ただ、市場関係者の皆さんの声等を聞いてみますと、我が国の最近の株式市場の動きについては、様々なことが言われているわけですけれども、例えば、外国人投資家が売買シェアの約6割を占めているという構造、サブプライム問題等の影響を背景とするグローバルな金融市場における不確実性の高まり、さらには、グローバルな投資資金の質への逃避(フライト・トゥ・クォリティ)という動きを背景として、株式市場から債券市場やあるいは金融市場以外の商品市場(コモディティのマーケット)等への資金の移動が起きているといったこと、またさらには米国の株安・景気後退懸念、ドル安といった種々の要因が指摘されていると承知いたしております。

一部の方々による「日本株の下げが際立って大きいのではないか」というご指摘については、これも様々なお立場の方が、様々な見方をされているというふうに思いますけれども、一つには、一方で中国とかインド等といった新興経済諸国と比べて将来の成長性という観点から見ると、その成長期待というものが相対的には低くならざるを得ないといった要因を指摘する見方が一部にございます。他方で、昨今日本株が他の市場に比べて下落率が大きいということについては、その主因は円高ということであって、仮に日本の株価をドルベースに換算してみると、例えば日米の株価の動き、下落幅等は概ね連動しているのではないかという見方もあると承知しております。

いずれにいたしましても、サブプライム・ローン問題を背景としてグローバルな金融市場の混乱は続いているわけでありまして、金融庁としても今後も引き続き市場動向や金融機関の健全性を注意深くフォローしてまいりたいと思っておりますし、また先ほども話題になりました「金融・資本市場競争力強化プラン」の着実な実施によって、魅力的な市場の構築に向けて政府一体となって強力に推進していくということも重要ではないかと思っております。

それから、もう一つお尋ねの日本の金融システムに与える影響ということでございますが、昨年9月末のいわば断面図として、我が国の預金取扱金融機関のサブプライム関連金融商品の保有額とそれに関連した実現損及び評価損を集計ベースで公表させていただいたところであります。これは、既に何度か申し上げていますが、この9月末の時点で保有額にして約1.4兆円、そのうち9月末時点における評価損が約1,350億円ということでございましたが、この10月以降、サブプライムに関連した、あるいは直接関連のないものも含めて、この証券化商品の価格というのがグローバルに低下をしておりますので、先ほど申し上げたこの評価損1,350億円というのはその後拡大しているということが推測されるわけであります。ただ、これも以前から申し上げておりますけれども、最終投資家としてのエクスポージャーいうものが1,4兆円という規模でございますので、そのエクスポージャーも若干の変動はあるかもしれませんけれども、基本的には、こういったオーダーのエクスポージャーに対して、そのうち評価損がどのくらいになるかということでございますので、日本の場合には底が見えないという状況ではないということであります。昨今、欧米の大手金融機関が一社で兆円単位の損失を計上しているといったことに比べますと、国際比較の観点から見て、我が国の金融機関のサブプライム関連のエクスポージャーというのは相当限定されているということが言えるでしょうし、また、もう一つ別の観点から見て我が国の金融機関の自己資本の厚みあるいは期間利益の水準と比べた場合においても、相対的に限定をされているということが言えようかと思います。こういったことを踏まえまして、今般の金融市場の混乱が、直ちに我が国の金融システムに直接深刻な影響を与えるものとは捉えていないということであります。
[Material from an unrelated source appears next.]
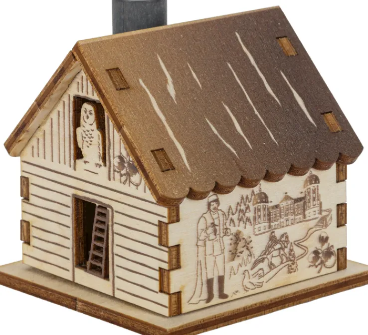 Das Design greift Motive aus dem Märchen Drei Haselnüsse für Aschenbrödel auf, darunter ein Schloss, Figuren und Szenen aus der Erzählung. Die Details sind präzise gelasert und teilweise farbig abgesetzt, was für einen abwechslungsreichen und hochwertigen Eindruck sorgt. Die kompakte Form eignet sich besonders als dekoratives Element für festliche Arrangements oder als Sammelobjekt mit Bezug zu klassischen Märchenmotiven.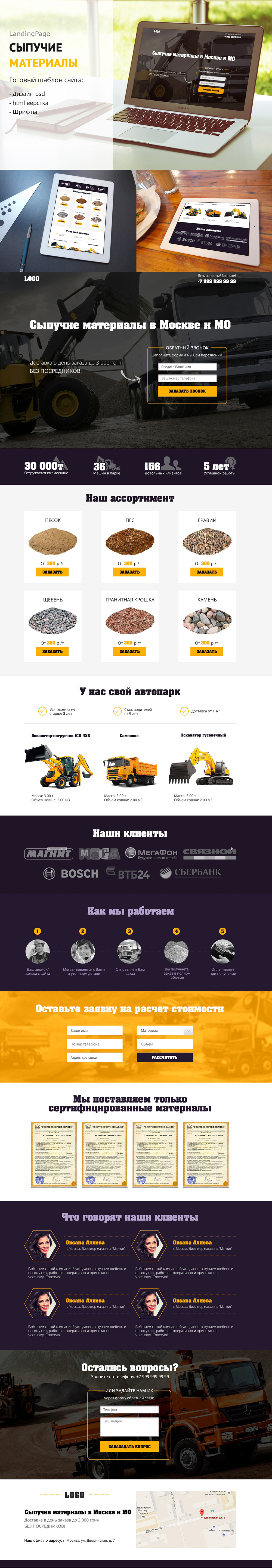 Уникальный дизайн LandingPage "Сыпучие материалы" с высокой конверсией.

ただし、いずれにせよこのグローバルな金融市場の混乱は続いておりますし、市場の正常化にはなお相当程度の時間が必要であると承知いたしております。このため、金融庁としては引き続き警戒を怠ることなく、金融機関のリスク管理状況や金融市場の動向等について関係当局と連携しつつ十分注視してまいりたいと思っております。

それから一つ補足でございますけれども、この株価下落が日本の金融機関の財務の健全性にどの程度の影響を及ぼすのかという点でございますけれども、この点も含めて金融庁としては各金融機関からのヒアリングや情報交換ということをやっているわけであります。一般的には、ストレステストといった手法を使っているわけでございますけれども、相当程度大きな株価の下落が昨年の9月末と比べても起きているということでございますが、そういった点を踏まえたストレステストを行っても、例えば自己資本比率といった指標で見たときに、その影響はある程度の範囲に収まっているということであります。もちろん、これは個別の金融機関ごとにそのポートフォリオの状況や財務の構造が違いますので、個別金融機関ごとの差異というのは当然あろうかと思いますけれども、全体としてそういう認識を持っているということでございます。

問)

先週18日にモノライン(金融保証専門保険会社)と言われる、アンバック・フィナンシャル・グループがフィッチによって格下げされていまして、他のところでもこのような動きがある、格下げ方向で見直すという動きがあると思います。これに対して、日本の損害保険会社などが再保険の引受けなどをしていると思うのですが、この影響についてどう把握されているのか、影響があるのか、どれくらいの規模なのかということも含めて、今、金融庁としてどう対応しているのかお聞かせ下さい。

答)

サブプライムの問題は、非常に多様な原因・結果の働くチャネルがあるということだと思います。今ご質問のいわゆるモノライン保険会社の話も、米国のモノライン保険会社の格付けが下がることによって、当該保険会社が金融保証を付している証券化商品の格付けが連動して下がり、当該金融商品の価格が下がるという因果関係が働いているということだろうと思います。

また、先ほどは預金取扱金融機関の話を中心にさせていただきましたけれども、我が国の保険会社がこのような金融保証といった業務あるいは米国のモノライン保険会社との取引関係等々がある場合には、先ほど来申し上げた多様なチャネルを通じて、その影響が伝播してくるということを踏まえることが大事だと思っております。

そのような問題意識から、預金取扱金融機関だけではなくて、保険会社や証券会社からもヒアリング、情報交換等を行っているということでございます。いずれにいたしましても、金融庁としては、引き続き各金融機関(預金取扱金融機関、保険会社、証券会社等)のリスク管理の状況について、十分に注視していく必要があると思っております。

問)

日本の保険会社が保証している、引き受けている総額といいますか規模感というのはどのくらいと見ていらっしゃるのでしょうか。

答)

基本的には、このような関わりを持っている、実質的な意味でエクスポージャーを持っているというのは、大手の損害保険会社が主でありまして、これまでヒアリング等をした結果からすれば、それぞれの大手保険会社において十分管理、コントロール可能な範囲内であると承知しております。

問)

先ほどの株価下落の件なのですが、これは銀行だけではなく、保険会社についてもウォッチしているというか注意深く見ているという理解でよろしいのでしょうか。

答)

特定の要因に特化して議論するというよりは、それぞれの金融機関について、それぞれのリスク管理の状況や財務の健全性の度合いを幅広くチェックするという心構えで対応しているということであります。